* _Exercise aim_
In your reply, repeat the full listing exactly and leave each picture out.

* _Provided material_

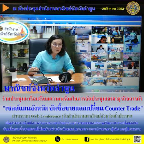 วันพุธที่ 26 สิงหาคม 2563 เวลา 10.00 น. นางนิยดา หมื่นอนันต์ พาณิชย์จังหวัดลำพูน ร่วมประชุมหารือเตรียมความพร้อมในการจัดประชุมเจรจาธุรกิจการค้า “เซลส์แมนจังหวัด จัดซื้อขายแลกเปลี่ยน Counter Trade” ผ่านระบบ Web Conference กับสำนักงานพาณิชย์จังหวัด ณ ห้องประชุมสำนักงานพาณิชย์จังหวัดลำพูน ตำบลเวียงยอง อำเภอเมือง จังหวัดลำพูน โดยมีนายสุชาติ สินรัตน์ รองปลัดกระทรวงพาณิชย์ เป็นประธานการประชุม ซึ่งกระทรวงพาณิชย์ กำหนดจัดกิจกรรมแลกเปลี่ยนซื้อขายสินค้าของจังหวัด ภายใต้นโยบาย “เกษตรผลิต พาณิชย์ตลาด” ตามนโยบาบของรองนายกรัฐมนตรีและรัฐมนตรีว่าการกระทรวงพาณิชย์ (นายจุรินทร์ ลักษณวิศิษฏ์) ภายใต้ชื่องาน “เซลส์แมนจังหวัด จัดซื้อขายแลกเปลี่ยน Counter Trade” ในวันที่ 28 สิงหาคม 2563 ณ ห้องประชุมคอนเวนชั่นเซ็นเตอร์ โรงแรมรามาการ์เด้นส์ กรุงเทพมหานคร โดยมีพาณิชย์จังหวีดมีบทบาทเป็น Saleman จังหวัด ร่วมกับ ภาคเอกชน ผู้ผลิต ผู้ประกอบการในจังหวัด เพื่อสร้างความร่วมมือระหว่างกระทรวงพาณิชย์และกระทรวงเกษตรและสหกรณ์ในการทำงานเพื่อผลักดันขับเคลื่อนการซื้อขายแลกเปลี่ยสินค้าระหว่างจังหวัดของกลุ่มเกษตรกร สหกรณ์การเกษตร ผู้ผลิต และผู้ประกอบการ ในการนี้ สำนักงานพาณิชย์จังหวัดลำพูน ได้นำวิสาหกิจชุมชนกลุ่มแม่บ้านริมร่อง และกลุ่มวิสาหกิจชุมชนพัฒนาผลิตภัณฑ์พืชผักสมุนไพรและผลไม้ เข้าร่วมเจรจา MOU กับองค์การตลาดเพื่อเกษตรกร ซึ่งคาดว่าจะมีมูลค่าซื้อขายไม่น้อยกว่า 30 ล้านบาท
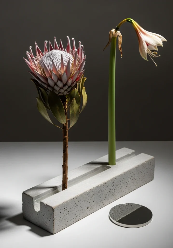 Single oversized dried protea or sculptural amaryllis stems placed in narrow hand-carved limestone plinths with shallow water channels create modern sculpture vibes. It’s floral arrangement as art installation.
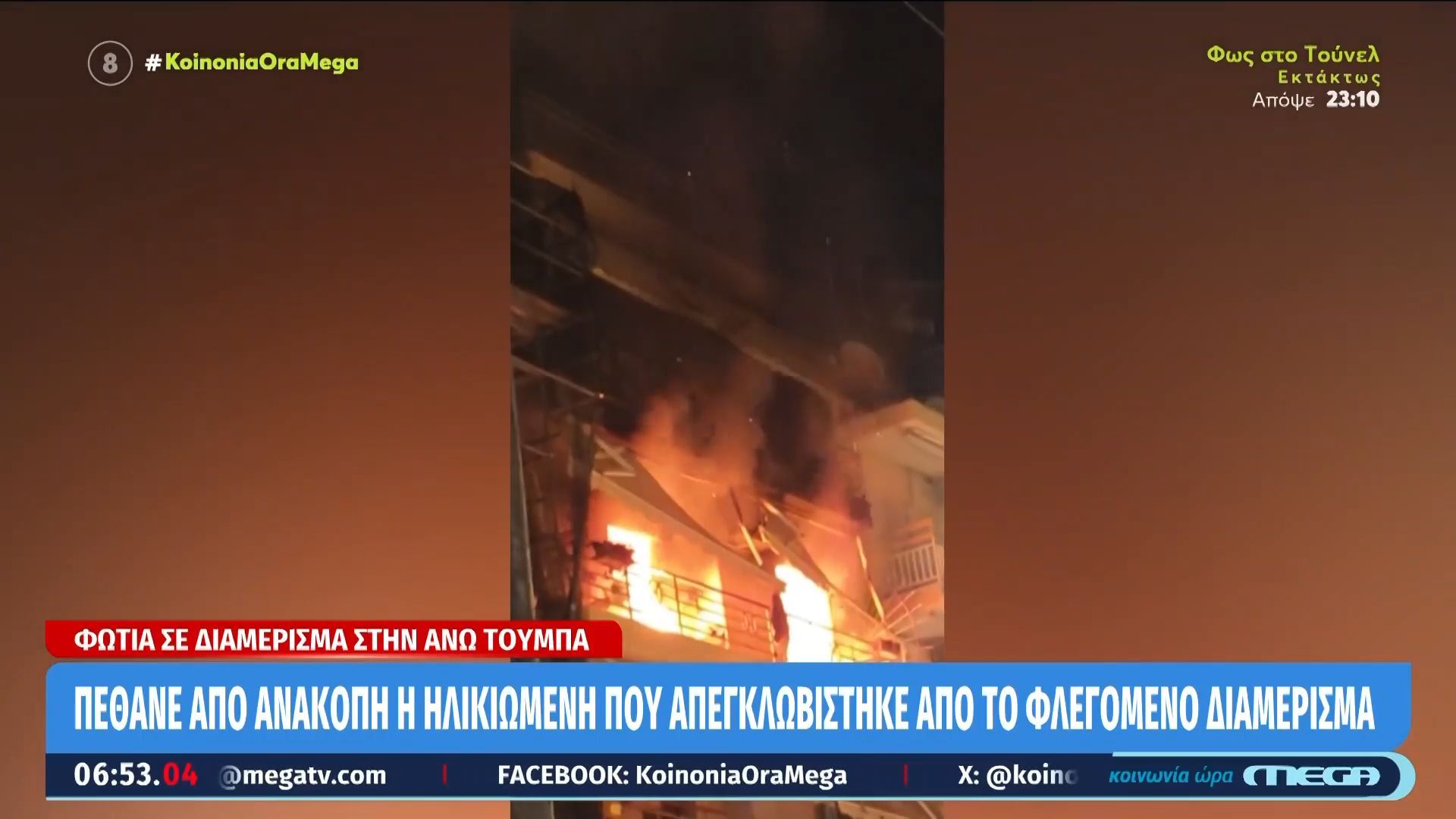 Η ηλικιωμένη γυναίκα που απεγκλωβίστηκε από φλεγόμενο διαμέρισμα στην Κάτω Τούμπα, δεν κατάφερε να επιβιώσει. Η φωτιά ξέσπασε το βράδυ της Κυριακής, εγκλωβίζοντας ένα ζευγάρι ηλικιωμένων στον δεύτερο όροφο πολυκατοικίας.
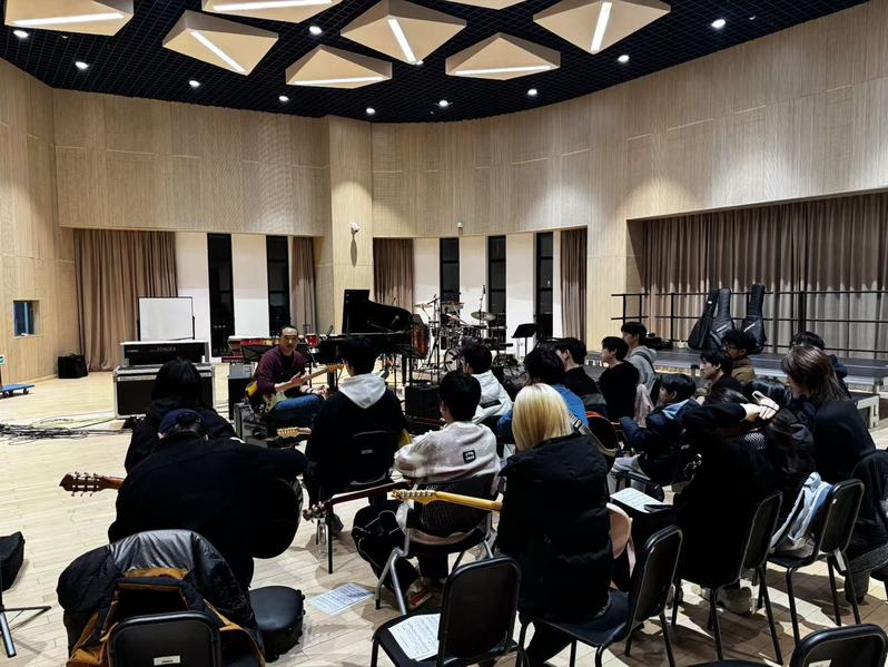 大师课上,顾忠山先生以真诚务实的分享风格,传递了现代音乐实践中的核心经验。课程聚焦三大关键主题—— 声部思维在现代音乐实践中的运用、流行音乐中吉他的音色把控与选择,以及与乐手合作时的伴奏技巧。他结合自身舞台演出与创作经历,通过经典曲目拆解、现场演奏示范、实时互动答疑等形式,从声部编排的逻辑构建、音色调节的细节技巧,到伴奏时的节奏适配与情感传递,进行了细致入微的讲解与指导,帮助学生们打通理论与实践的壁垒,在场师生均表示获益良多。
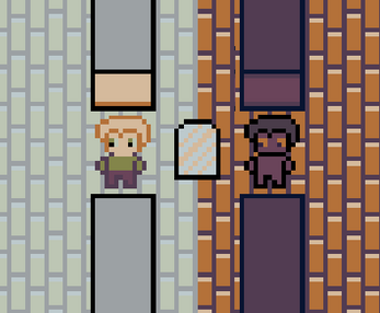 Your evil doppelganger separated from you, reach the mirror together to merge!
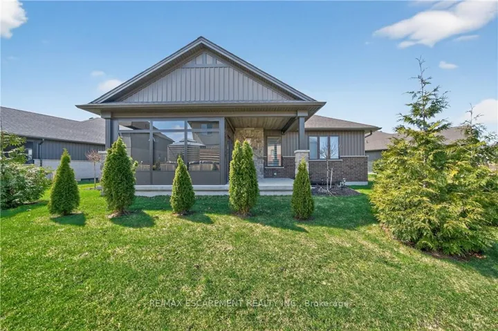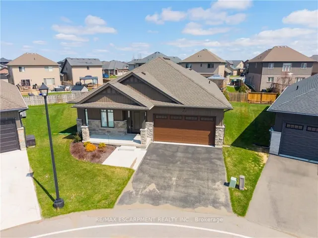 +"PublicRemarks": "Envision small town Ontario living in lavish luxury - look no further than this gorgeous 2022 custom built "Ed Robinson" bungalow situated at end of private court surrounded by similar maintained properties in Jarvis - Canada's officially recognized "Friendliest Town" located btw Hagersville, Port Dover/Lake Erie, Simcoe & Waterford - 45/50 min commute to Hamilton, Brantford & 403. Positioned handsomely on 0.18 ac pie-shaped lot introducing 1623sf of flawless main level living space plus 190sf professionally designed sunroom, 1623sf basement & 405sf 2-car garage. Oversized paved driveway leads to inviting covered verandah where front door enters to grand 10ft high foyer offering walk-in coat closet - continues past 4pc main bath flanked by 2 spacious bedrooms - on to stunning, open concept Great room showcasing 10ft coiffured beamed ceilings, n/g fireplace set in stone hearth & shiplap accent walls - segues to Chef's "Dream" kitchen sporting chic in-vogue white cabinetry, designer island, quartz countertops, tile back-splash & convenient side laundry room housing walk-in pantry & direct garage access. Adjacent dinette enjoys patio door walk-out to gorgeous sunroom incs wall to wall windows with access to 100sf covered outdoor entertainment porch. Beautiful north wing primary bedroom boasts beautiful 3pc en-suite & walk-in closet completing main floor plan. Stylish matte finished engineered hardwood flooring, 9ft ceilings, custom milled trim/baseboards & LED lighting compliment neutral décor with sophisticated flair. Spacious, unblemished lower level provides the ideal blank canvas to create your personally designed floor plan & finishes. Notable extras - motorized hi-end blinds, outdoor irrigation system, quality appliances, n/g furnace, A/C, HRV air exchange & landscaping. Reasonable $280 p/month road maintenance fee incs street lights, water/sewer charges & lawn cutting - snow clearing is Owner's responsibility. Lock Box for viewing ease. "Perfection Personified""
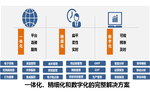 在“互联网+”、“大数据”以及“云计算”的时代背景下,不断融合新的技术和新的管理理念,紧跟企业“数字化”转型潮流,为医药企业给予一体化、精细化和数字化的完整解决方案。

* _Solved exercise_
 วันพุธที่ 26 สิงหาคม 2563 เวลา 10.00 น. นางนิยดา หมื่นอนันต์ พาณิชย์จังหวัดลำพูน ร่วมประชุมหารือเตรียมความพร้อมในการจัดประชุมเจรจาธุรกิจการค้า “เซลส์แมนจังหวัด จัดซื้อขายแลกเปลี่ยน Counter Trade” ผ่านระบบ Web Conference กับสำนักงานพาณิชย์จังหวัด ณ ห้องประชุมสำนักงานพาณิชย์จังหวัดลำพูน ตำบลเวียงยอง อำเภอเมือง จังหวัดลำพูน โดยมีนายสุชาติ สินรัตน์ รองปลัดกระทรวงพาณิชย์ เป็นประธานการประชุม ซึ่งกระทรวงพาณิชย์ กำหนดจัดกิจกรรมแลกเปลี่ยนซื้อขายสินค้าของจังหวัด ภายใต้นโยบาย “เกษตรผลิต พาณิชย์ตลาด” ตามนโยบาบของรองนายกรัฐมนตรีและรัฐมนตรีว่าการกระทรวงพาณิชย์ (นายจุรินทร์ ลักษณวิศิษฏ์) ภายใต้ชื่องาน “เซลส์แมนจังหวัด จัดซื้อขายแลกเปลี่ยน Counter Trade” ในวันที่ 28 สิงหาคม 2563 ณ ห้องประชุมคอนเวนชั่นเซ็นเตอร์ โรงแรมรามาการ์เด้นส์ กรุงเทพมหานคร โดยมีพาณิชย์จังหวีดมีบทบาทเป็น Saleman จังหวัด ร่วมกับ ภาคเอกชน ผู้ผลิต ผู้ประกอบการในจังหวัด เพื่อสร้างความร่วมมือระหว่างกระทรวงพาณิชย์และกระทรวงเกษตรและสหกรณ์ในการทำงานเพื่อผลักดันขับเคลื่อนการซื้อขายแลกเปลี่ยสินค้าระหว่างจังหวัดของกลุ่มเกษตรกร สหกรณ์การเกษตร ผู้ผลิต และผู้ประกอบการ ในการนี้ สำนักงานพาณิชย์จังหวัดลำพูน ได้นำวิสาหกิจชุมชนกลุ่มแม่บ้านริมร่อง และกลุ่มวิสาหกิจชุมชนพัฒนาผลิตภัณฑ์พืชผักสมุนไพรและผลไม้ เข้าร่วมเจรจา MOU กับองค์การตลาดเพื่อเกษตรกร ซึ่งคาดว่าจะมีมูลค่าซื้อขายไม่น้อยกว่า 30 ล้านบาท
 Single oversized dried protea or sculptural amaryllis stems placed in narrow hand-carved limestone plinths with shallow water channels create modern sculpture vibes. It’s floral arrangement as art installation.
 Η ηλικιωμένη γυναίκα που απεγκλωβίστηκε από φλεγόμενο διαμέρισμα στην Κάτω Τούμπα, δεν κατάφερε να επιβιώσει. Η φωτιά ξέσπασε το βράδυ της Κυριακής, εγκλωβίζοντας ένα ζευγάρι ηλικιωμένων στον δεύτερο όροφο πολυκατοικίας.
 大师课上,顾忠山先生以真诚务实的分享风格,传递了现代音乐实践中的核心经验。课程聚焦三大关键主题—— 声部思维在现代音乐实践中的运用、流行音乐中吉他的音色把控与选择,以及与乐手合作时的伴奏技巧。他结合自身舞台演出与创作经历,通过经典曲目拆解、现场演奏示范、实时互动答疑等形式,从声部编排的逻辑构建、音色调节的细节技巧,到伴奏时的节奏适配与情感传递,进行了细致入微的讲解与指导,帮助学生们打通理论与实践的壁垒,在场师生均表示获益良多。
 Your evil doppelganger separated from you, reach the mirror together to merge!
 +"PublicRemarks": "Envision small town Ontario living in lavish luxury - look no further than this gorgeous 2022 custom built "Ed Robinson" bungalow situated at end of private court surrounded by similar maintained properties in Jarvis - Canada's officially recognized "Friendliest Town" located btw Hagersville, Port Dover/Lake Erie, Simcoe & Waterford - 45/50 min commute to Hamilton, Brantford & 403. Positioned handsomely on 0.18 ac pie-shaped lot introducing 1623sf of flawless main level living space plus 190sf professionally designed sunroom, 1623sf basement & 405sf 2-car garage. Oversized paved driveway leads to inviting covered verandah where front door enters to grand 10ft high foyer offering walk-in coat closet - continues past 4pc main bath flanked by 2 spacious bedrooms - on to stunning, open concept Great room showcasing 10ft coiffured beamed ceilings, n/g fireplace set in stone hearth & shiplap accent walls - segues to Chef's "Dream" kitchen sporting chic in-vogue white cabinetry, designer island, quartz countertops, tile back-splash & convenient side laundry room housing walk-in pantry & direct garage access. Adjacent dinette enjoys patio door walk-out to gorgeous sunroom incs wall to wall windows with access to 100sf covered outdoor entertainment porch. Beautiful north wing primary bedroom boasts beautiful 3pc en-suite & walk-in closet completing main floor plan. Stylish matte finished engineered hardwood flooring, 9ft ceilings, custom milled trim/baseboards & LED lighting compliment neutral décor with sophisticated flair. Spacious, unblemished lower level provides the ideal blank canvas to create your personally designed floor plan & finishes. Notable extras - motorized hi-end blinds, outdoor irrigation system, quality appliances, n/g furnace, A/C, HRV air exchange & landscaping. Reasonable $280 p/month road maintenance fee incs street lights, water/sewer charges & lawn cutting - snow clearing is Owner's responsibility. Lock Box for viewing ease. "Perfection Personified""
 在“互联网+”、“大数据”以及“云计算”的时代背景下,不断融合新的技术和新的管理理念,紧跟企业“数字化”转型潮流,为医药企业给予一体化、精细化和数字化的完整解决方案。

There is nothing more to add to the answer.